Problem details:
Make an exact transcript of the lines in the data below, starting with the one containing "Уничтоженный советский эшелон, сгоревшие" and going on through the one containing "The device of", with both included and the pictures left out.

[Supplied material]

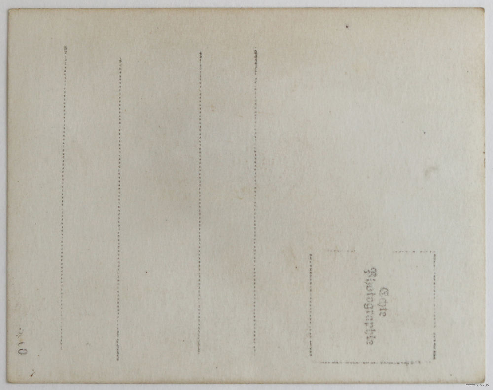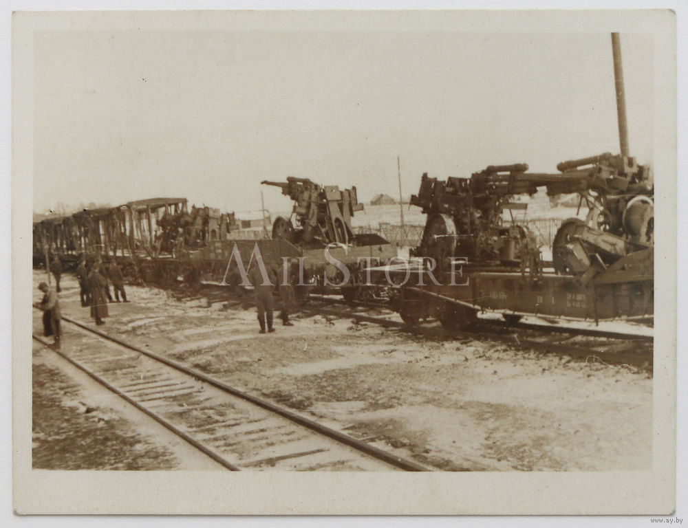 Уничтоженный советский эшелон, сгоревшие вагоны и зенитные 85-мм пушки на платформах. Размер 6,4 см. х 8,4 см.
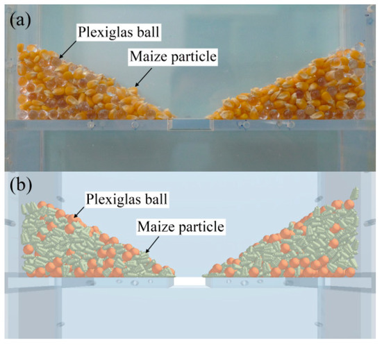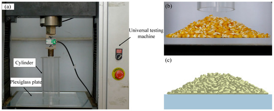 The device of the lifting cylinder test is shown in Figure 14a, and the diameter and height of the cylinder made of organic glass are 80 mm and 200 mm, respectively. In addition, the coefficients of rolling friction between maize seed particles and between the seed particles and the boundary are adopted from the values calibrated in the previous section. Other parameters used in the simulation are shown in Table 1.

[/Supplied material]
[Supplied material]

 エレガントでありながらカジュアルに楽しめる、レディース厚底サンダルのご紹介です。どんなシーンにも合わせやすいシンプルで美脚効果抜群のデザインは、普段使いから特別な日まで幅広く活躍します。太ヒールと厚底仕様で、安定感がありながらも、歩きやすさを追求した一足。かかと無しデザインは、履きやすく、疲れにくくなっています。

[/Supplied material]
[Supplied material]

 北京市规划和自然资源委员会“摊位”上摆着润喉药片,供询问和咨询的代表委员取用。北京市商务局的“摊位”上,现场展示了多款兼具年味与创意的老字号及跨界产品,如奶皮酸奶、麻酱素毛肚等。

[/Supplied material]

Answer box:
 Уничтоженный советский эшелон, сгоревшие вагоны и зенитные 85-мм пушки на платформах. Размер 6,4 см. х 8,4 см.
 The device of the lifting cylinder test is shown in Figure 14a, and the diameter and height of the cylinder made of organic glass are 80 mm and 200 mm, respectively. In addition, the coefficients of rolling friction between maize seed particles and between the seed particles and the boundary are adopted from the values calibrated in the previous section. Other parameters used in the simulation are shown in Table 1.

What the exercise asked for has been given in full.